Transparent Compilation

12 February 2013

Increasingly web developers are using languages like CoffeeScript and SCSS that compile to other textual source languages that execute in the browser. Such source-to-source compilers (also called transpilers 1) are not new, Cfront was widely used in the early days of C++ to generate target C code. But for me there is a difference that picks out CoffeeScript and SCSS as transparent compilers

1: Hunting around usage, it seem to me that the the term “transpiler” is used as a synonym for source-to-source compiler. So transpilers may or may not be transparent. I've also seen the term “source-to-source translation” used equivalently to “source-to-source compilation”.

With most compilers, you don't care very much about what is generated downstream. As long as it follows the semantics of the source language it's effectively a big lump of bits. But if you're going to generate JavaScript for the browser, this ignorance is hard to live with. Debugging environments are getting pretty nifty these days, but they are all in terms of the HTML/CSS/JavaScript triad. So it's important that you understand how your input language translates to its executable target.

This constraint has a big effect upon the source language. You need to ensure that the output corresponds very clearly to the source. When I write this CoffeeScript

$(window).on 'touchTap', (event) ->
  window.touchPanel.tap(event)

I can easily recognize the resulting JavaScript in my browser debugger

$(window).on('touchTap', function(event) {
  return window.touchPanel.tap(event);
});

This remains true even for more complicated bits of CoffeeScript's transformation, such as turning

runSetupBuild: (slide, positionClass) ->
  switch positionClass
    when 'current', 'next'
      @buildsFor(slide)?.setupBuild?.forwards()
      # ...

into

Infodeck.prototype.runSetupBuild = function(slide, positionClass) {
  var _ref, _ref1, _ref2, _ref3;
  switch (positionClass) {
    case 'current':
    case 'next':
      return (_ref = this.buildsFor(slide)) != null ? 
           (_ref1 = _ref.setupBuild) != null ? _ref1.forwards() : void 0 
           : void 0;
    /* ... */

There's a lot going on in that transformation - but still the correspondence is pretty clear. If I need to debug in that code, I can easily see how it matches up to the source CoffeeScript. This is the essence of what makes the compilation process transparent - the intention that you will work in the output language 2.

2: Even with opaque compilation there are cases when people study the outputs. Occasionally there are odd behaviors or bugs that do require you to dig into the compiler outputs. Some programmers like to understand what the compiler is doing, although that's got less common as compilers and virtual machines get more sophisticated. But such activity is an exception.

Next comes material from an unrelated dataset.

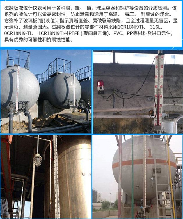 磁翻板液位計廣泛用于石油、化工、油田、醫(yī)藥、食品、酒業(yè)等行業(yè)中各類貯液罐、貯槽、貯液池、反應(yīng)罐、發(fā)酵罐內(nèi)液體、油田、液化氣、液氫、強(qiáng)酸堿液、弱酸堿液、發(fā)電廠鍋爐汽包、高低加、回水箱高低壓加熱器、凝結(jié)器、蒸發(fā)患有主其他壓力容器內(nèi)與1Cr8NitTi、304+PTEE(聚四氟乙烯)、316L、PVC、PP相容液體介質(zhì)的液位、液面及兩種不同介質(zhì)界面測量與顯示。

In contrast, there are source-to-source compilers that don't expect you to work in the output language, or see visibility of the output language as an unfortunate temporary mechanism. These can still be useful, and you see them in the javascript world with languages like Dart, GWT, and ClojureScript. It's this difference in intention which is what separates the transparent style of transpilation from the more common approach. 3

3: It's interesting to see whether the development of sourcemaps will shift languages like coffeescript away from transparency.

The fact that you have to work at keeping the compilation transparent puts limits on what you can do in the source language. You don't have the degree of freedom in your language constructs that you get with a more unconstrained form of compilation. You have to follow the basic semantics of the target language, and keep to much the same program structure. These constraints haven't been widely talked about as a feature of language design.

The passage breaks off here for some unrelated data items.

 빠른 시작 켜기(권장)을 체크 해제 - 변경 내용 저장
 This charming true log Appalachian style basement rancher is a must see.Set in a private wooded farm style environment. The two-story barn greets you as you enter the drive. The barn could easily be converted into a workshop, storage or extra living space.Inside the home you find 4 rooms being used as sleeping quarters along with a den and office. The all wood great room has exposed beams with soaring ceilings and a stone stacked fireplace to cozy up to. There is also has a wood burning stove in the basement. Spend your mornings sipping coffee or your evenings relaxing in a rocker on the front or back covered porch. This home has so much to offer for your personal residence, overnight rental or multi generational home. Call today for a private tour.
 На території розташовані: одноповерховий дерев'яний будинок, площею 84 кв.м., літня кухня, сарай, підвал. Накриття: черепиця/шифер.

CoffeeScript illustrates that despite these constraints you can get a considerable difference in syntax between source and target languages. CoffeeScript feels much more like Python in syntax than the C-like JavaScript. Such syntactic variation isn't always the case, indeed there is an important subset of transparent compilation languages that strive to be a superset of the target language. SCSS and TypeScript fit into this category - any CSS expression is valid in SCSS. Using a superset language makes the correspondence even clearer and I feel works well for CSS where CSS's syntax works well but the language misses some handy features.

Some say there's little point in using transparent compilation - if you have to understand the target code for debugging, what's the value in using a different source? For me, the value lies in a couple of directions. First off it's a way of getting useful language features that are missing in the target language. SCSS gives me handy capabilities such as variables (so I can say $light-purple instead of #f8c8fe and change it in only one place should I want to tweak it).

More drastic syntax changes, such as CoffeeScript, require stronger justification. One of my colleagues put it very well after finishing a project. He's an experienced JavaScript programmer and the project wrote well-disciplined JavaScript from the beginning. As a result he was very happy with the quality of the JavaScript codebase. However he still concluded that they would have been better off working in CoffeeScript, because it's easier to understand what is going on when you're reading the CoffeeScript, even when you're debugging in the generated JavaScript code. The transformation may not look like such a big deal for small fragments, such as those I show above. But it makes a big difference once you're up to hundreds of lines of code, let alone beyond.4

Notes

3: It's interesting to see whether the development of sourcemaps will shift languages like coffeescript away from transparency.